I think that most veterinarians who practice as I do – out of my truck, trying to keep up with the latest in health advances, and trying to provide the best care for horses - think of themselves as human family practice doctors. Over time, we get to help our clients through a variety of emotionally taxing situations, (even including ones that may not only involve horses). The one-on-one doctor-client-patient relationship is really enjoyable – I’ve known a good many horses from the day that they were born, until the day that they passed. Over the years, clients become friends, and their horses become familiar companions. Listening to stories about horse show triumphs, training successes, or just fun trail rides, and addressing all of the horse health issues that arise during veterinary visits is fun and fulfilling, and gives me additional personal incentive to do a good job. And it just kills me to hear that one of my clients has been taken advantage of by someone who wants to pound on a particular nail.
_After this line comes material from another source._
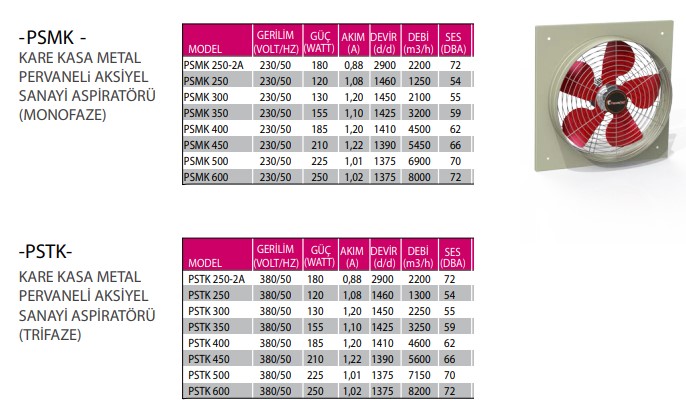 KARE KASA METAL PERVANELİ AKSİYEL SANAYİ ASPİRATÖRÜ

All of these “specialists” and their new hammers, highlights what I think is a real problem in the horse world. What I see happening is a loss of pragmatism: a loss of good, common-sense approaches to horses, and their real problems. Taking care of a horse’s basic needs isn’t particularly difficult, and it shouldn’t have to be all that expensive, either (CLICK HERE to read about that). Horse owning should be fun and rewarding, not a constant battle with anxiety over whether or not you should engage the next person who has a particular hammer to wield.
You know, when you think about it, Dr. Maslow was one smart guy.